## WORK ITEM
Transcribe the entries below exactly, starting with the line that has "Оценка команд по" and stopping after the line that has "Στο μεταξύ, προχθές"; no pictures belong in the copy.

*****

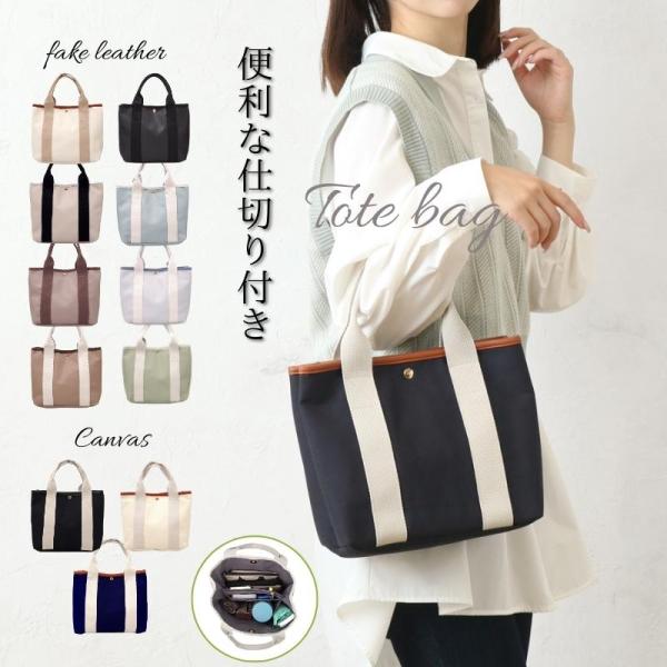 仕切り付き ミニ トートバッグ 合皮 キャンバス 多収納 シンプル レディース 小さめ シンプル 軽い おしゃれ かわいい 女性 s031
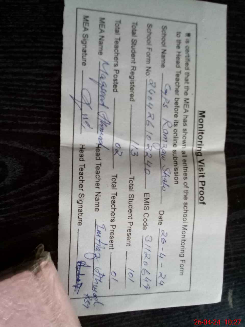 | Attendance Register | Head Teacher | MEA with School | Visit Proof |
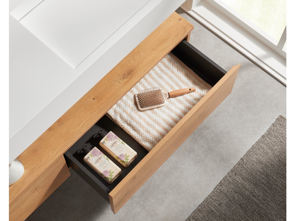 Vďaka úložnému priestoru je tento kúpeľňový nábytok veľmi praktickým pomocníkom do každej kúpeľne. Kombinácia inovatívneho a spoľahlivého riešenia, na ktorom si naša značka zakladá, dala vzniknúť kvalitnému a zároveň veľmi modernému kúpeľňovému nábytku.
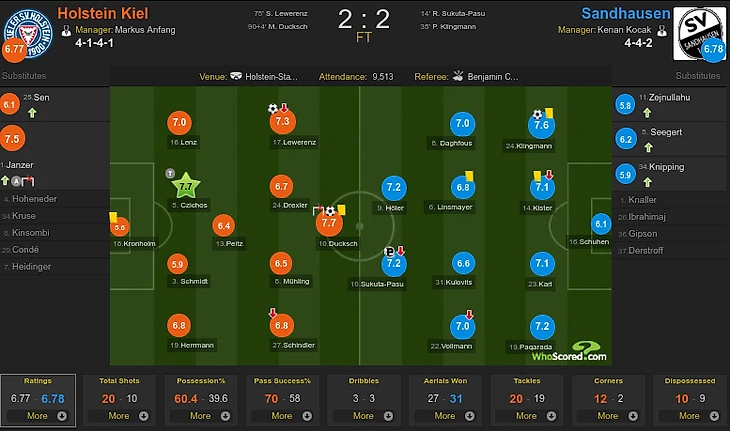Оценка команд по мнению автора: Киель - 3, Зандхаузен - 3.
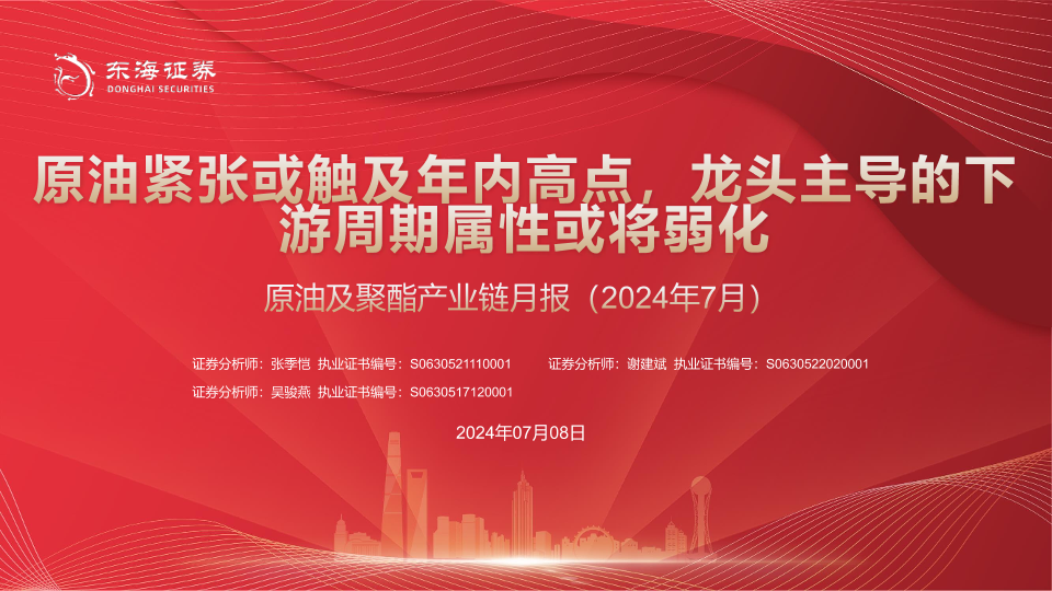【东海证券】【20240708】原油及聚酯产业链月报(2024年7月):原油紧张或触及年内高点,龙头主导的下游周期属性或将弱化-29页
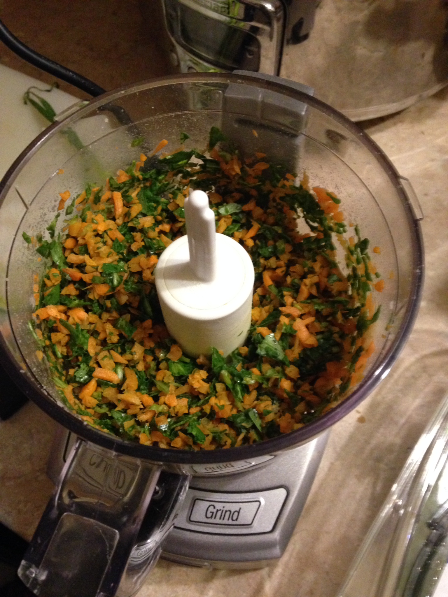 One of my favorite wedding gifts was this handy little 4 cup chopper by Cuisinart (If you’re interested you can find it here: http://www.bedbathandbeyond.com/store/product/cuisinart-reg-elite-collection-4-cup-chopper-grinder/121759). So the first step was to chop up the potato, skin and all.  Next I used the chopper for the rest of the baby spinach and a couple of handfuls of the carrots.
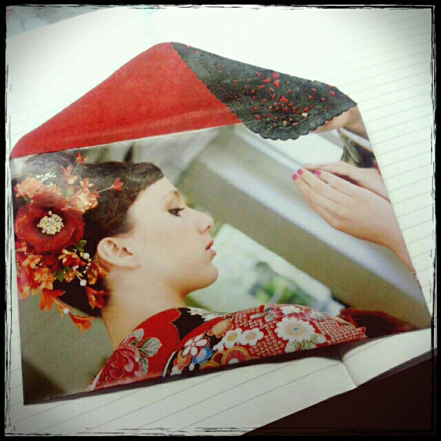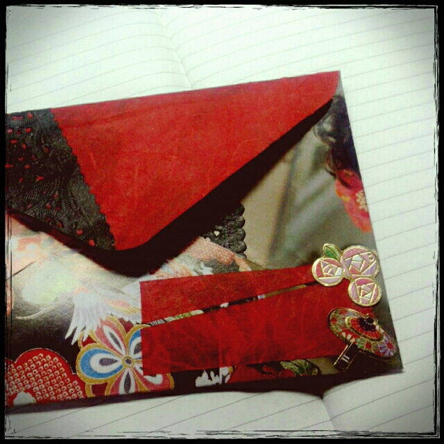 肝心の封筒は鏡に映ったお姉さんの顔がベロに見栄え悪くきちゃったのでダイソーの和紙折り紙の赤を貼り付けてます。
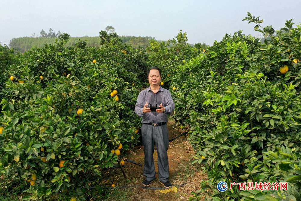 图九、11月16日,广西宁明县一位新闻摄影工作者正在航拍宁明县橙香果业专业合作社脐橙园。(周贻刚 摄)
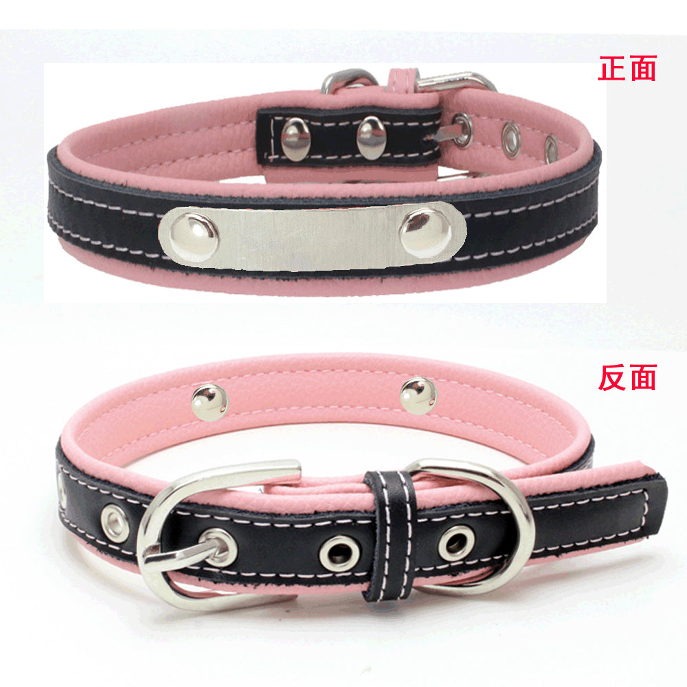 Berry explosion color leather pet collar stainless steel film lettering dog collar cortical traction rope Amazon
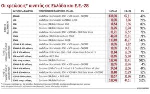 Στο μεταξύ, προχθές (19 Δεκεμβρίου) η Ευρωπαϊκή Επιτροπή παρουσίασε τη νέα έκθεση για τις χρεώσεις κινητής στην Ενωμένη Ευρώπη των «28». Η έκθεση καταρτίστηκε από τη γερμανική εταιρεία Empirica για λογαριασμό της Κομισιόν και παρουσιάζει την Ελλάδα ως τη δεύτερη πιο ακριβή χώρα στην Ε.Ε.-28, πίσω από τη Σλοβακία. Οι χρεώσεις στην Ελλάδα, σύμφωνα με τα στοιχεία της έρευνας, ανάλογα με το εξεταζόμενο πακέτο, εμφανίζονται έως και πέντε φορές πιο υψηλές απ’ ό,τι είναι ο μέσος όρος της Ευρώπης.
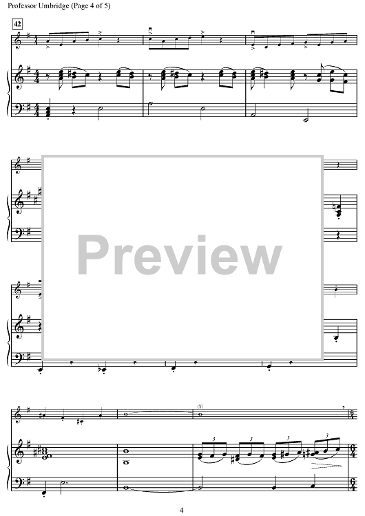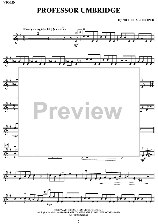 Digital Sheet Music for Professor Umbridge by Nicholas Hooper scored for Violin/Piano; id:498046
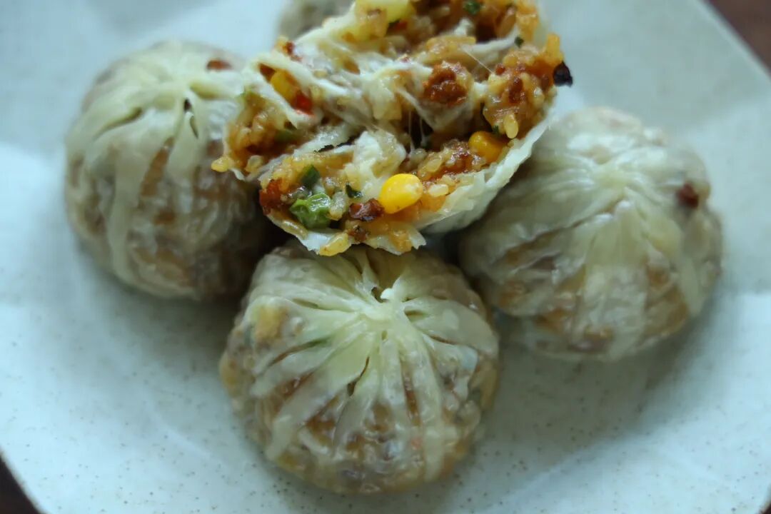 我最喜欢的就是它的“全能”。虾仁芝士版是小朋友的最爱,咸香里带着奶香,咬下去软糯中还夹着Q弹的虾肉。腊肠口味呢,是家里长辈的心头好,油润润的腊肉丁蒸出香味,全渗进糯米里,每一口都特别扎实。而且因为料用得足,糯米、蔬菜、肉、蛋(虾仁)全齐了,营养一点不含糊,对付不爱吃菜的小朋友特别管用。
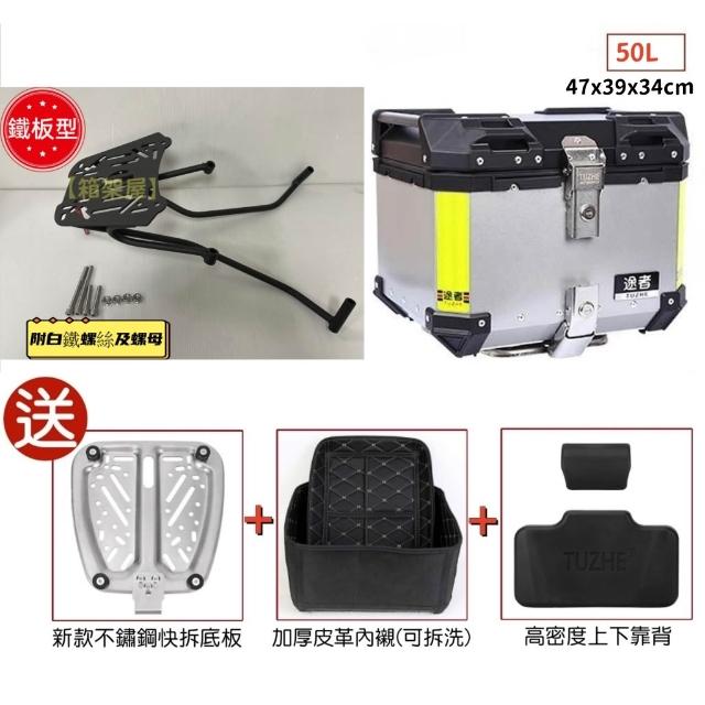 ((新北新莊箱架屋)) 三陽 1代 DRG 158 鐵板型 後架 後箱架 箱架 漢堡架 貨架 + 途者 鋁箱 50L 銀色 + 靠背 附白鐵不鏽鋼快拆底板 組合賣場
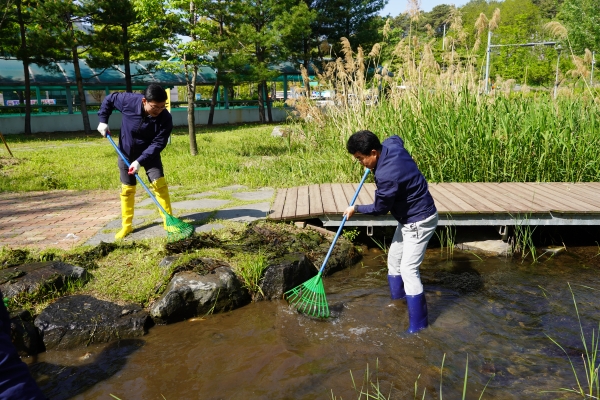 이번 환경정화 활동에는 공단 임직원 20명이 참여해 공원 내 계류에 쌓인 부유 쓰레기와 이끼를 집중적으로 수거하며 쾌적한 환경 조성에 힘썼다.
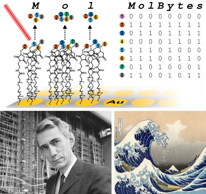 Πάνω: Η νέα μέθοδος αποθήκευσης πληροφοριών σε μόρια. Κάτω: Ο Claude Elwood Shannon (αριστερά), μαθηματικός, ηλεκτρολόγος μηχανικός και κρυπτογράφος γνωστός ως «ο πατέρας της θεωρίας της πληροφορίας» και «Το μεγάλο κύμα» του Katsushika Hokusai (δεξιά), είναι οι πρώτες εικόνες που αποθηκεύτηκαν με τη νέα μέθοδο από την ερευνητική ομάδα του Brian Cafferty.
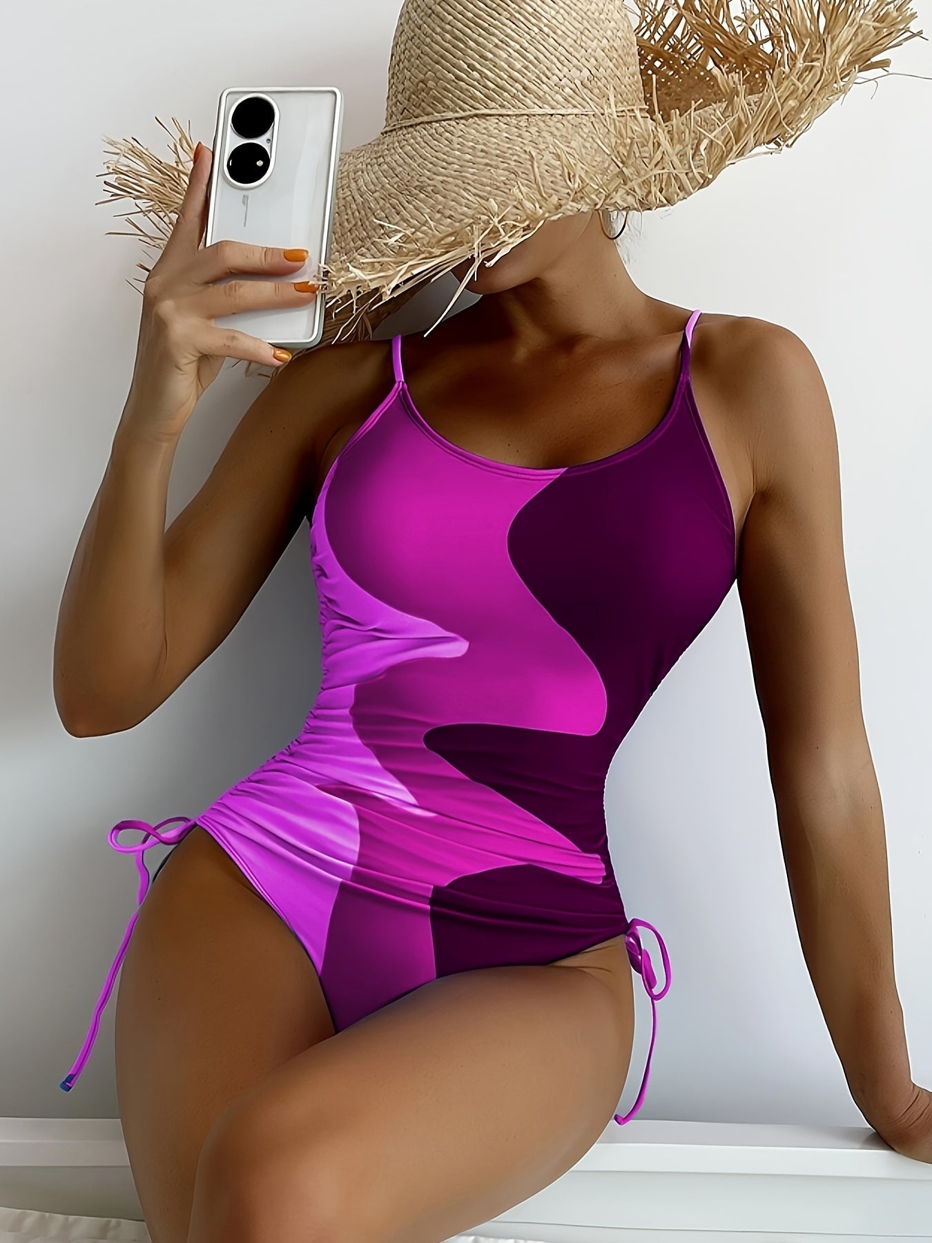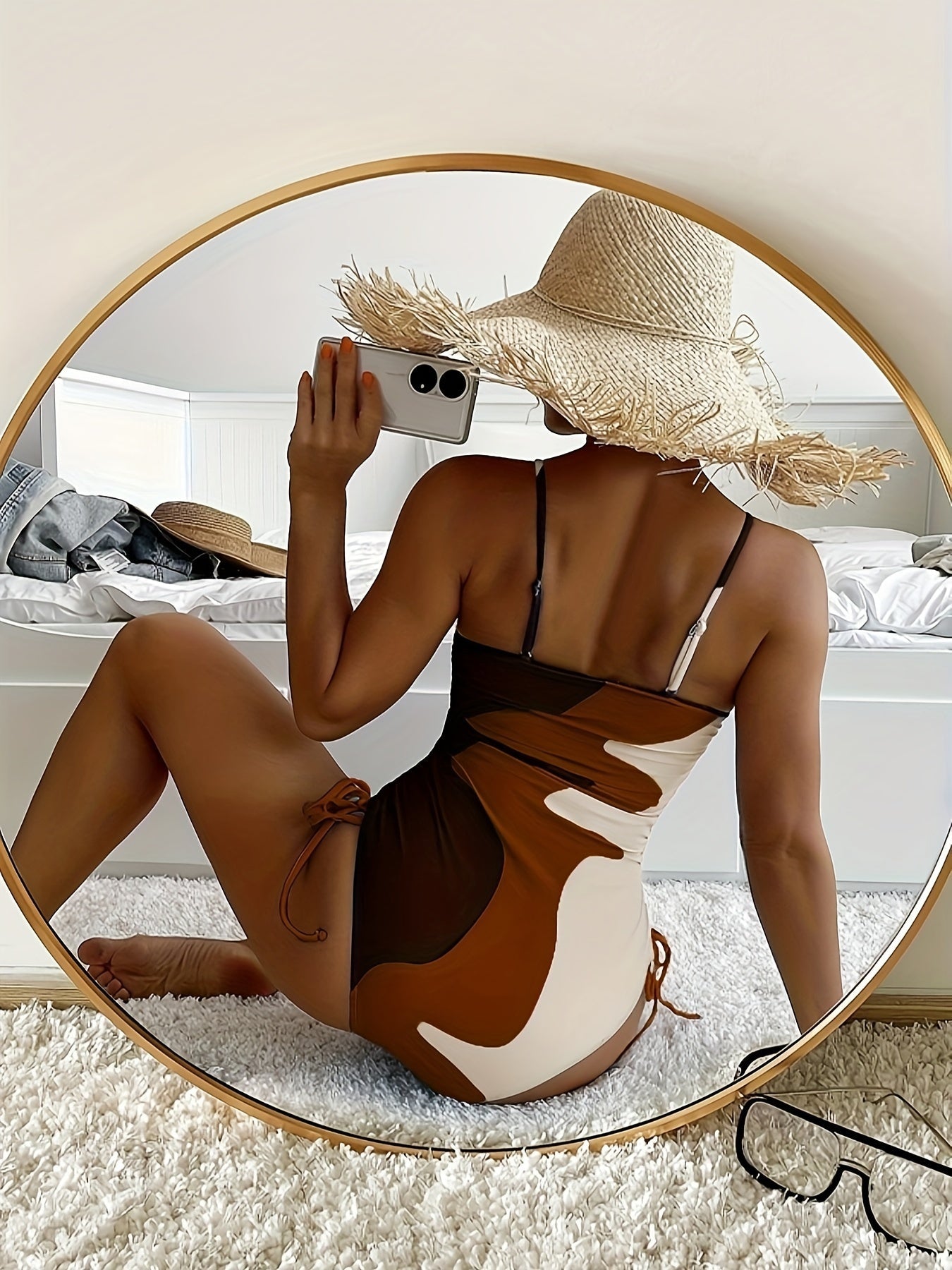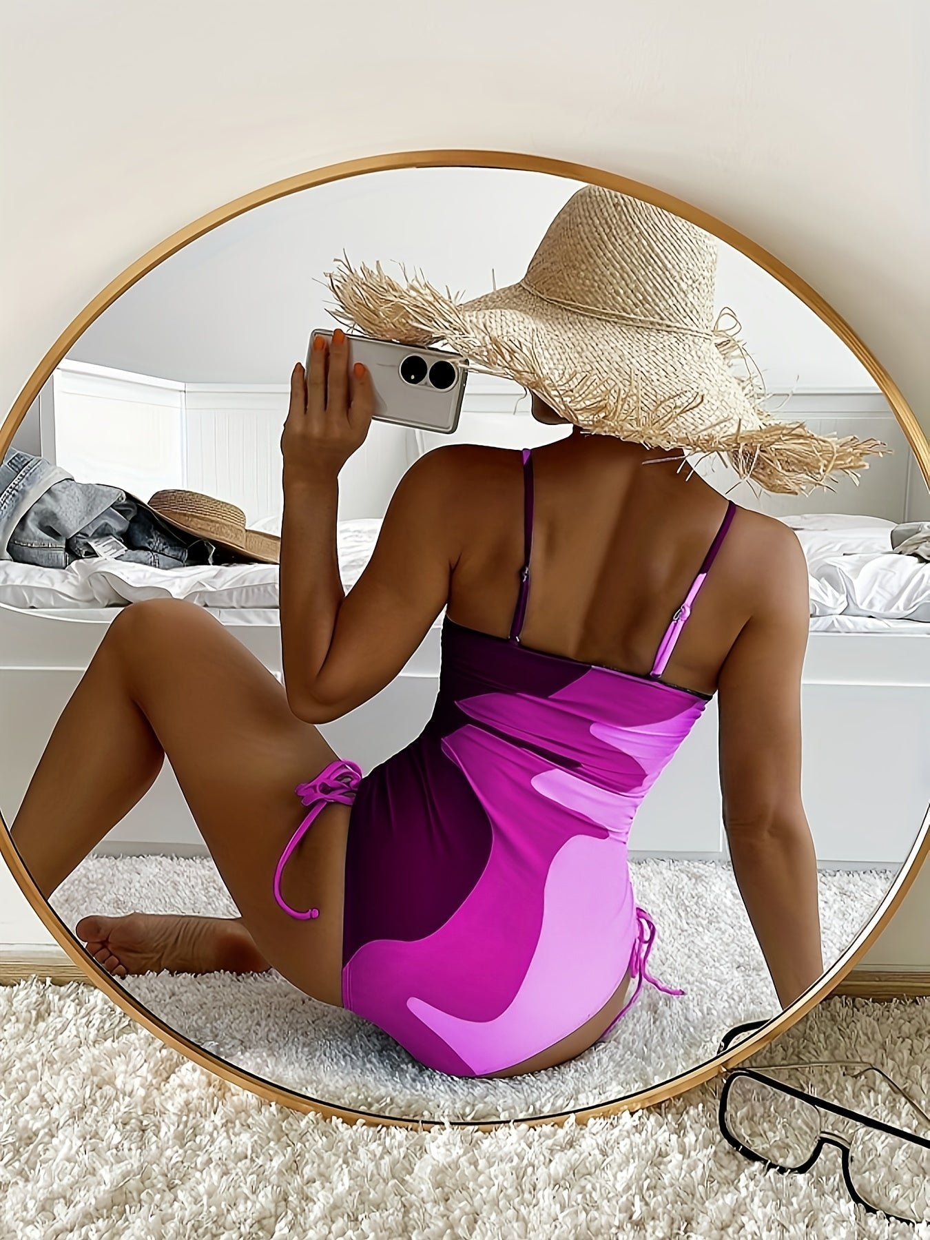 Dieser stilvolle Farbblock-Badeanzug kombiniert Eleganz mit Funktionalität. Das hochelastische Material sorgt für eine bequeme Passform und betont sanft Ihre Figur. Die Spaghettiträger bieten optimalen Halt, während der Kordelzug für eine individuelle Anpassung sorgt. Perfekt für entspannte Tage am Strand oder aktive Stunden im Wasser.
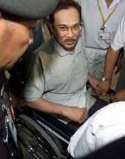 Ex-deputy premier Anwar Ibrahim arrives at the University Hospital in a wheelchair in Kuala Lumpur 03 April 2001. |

*****

## EXERCISE ANSWER
Оценка команд по мнению автора: Киель - 3, Зандхаузен - 3.
【东海证券】【20240708】原油及聚酯产业链月报(2024年7月):原油紧张或触及年内高点,龙头主导的下游周期属性或将弱化-29页
 One of my favorite wedding gifts was this handy little 4 cup chopper by Cuisinart (If you’re interested you can find it here: http://www.bedbathandbeyond.com/store/product/cuisinart-reg-elite-collection-4-cup-chopper-grinder/121759). So the first step was to chop up the potato, skin and all.  Next I used the chopper for the rest of the baby spinach and a couple of handfuls of the carrots.
 肝心の封筒は鏡に映ったお姉さんの顔がベロに見栄え悪くきちゃったのでダイソーの和紙折り紙の赤を貼り付けてます。
 图九、11月16日,广西宁明县一位新闻摄影工作者正在航拍宁明县橙香果业专业合作社脐橙园。(周贻刚 摄)
 Berry explosion color leather pet collar stainless steel film lettering dog collar cortical traction rope Amazon
 Στο μεταξύ, προχθές (19 Δεκεμβρίου) η Ευρωπαϊκή Επιτροπή παρουσίασε τη νέα έκθεση για τις χρεώσεις κινητής στην Ενωμένη Ευρώπη των «28». Η έκθεση καταρτίστηκε από τη γερμανική εταιρεία Empirica για λογαριασμό της Κομισιόν και παρουσιάζει την Ελλάδα ως τη δεύτερη πιο ακριβή χώρα στην Ε.Ε.-28, πίσω από τη Σλοβακία. Οι χρεώσεις στην Ελλάδα, σύμφωνα με τα στοιχεία της έρευνας, ανάλογα με το εξεταζόμενο πακέτο, εμφανίζονται έως και πέντε φορές πιο υψηλές απ’ ό,τι είναι ο μέσος όρος της Ευρώπης.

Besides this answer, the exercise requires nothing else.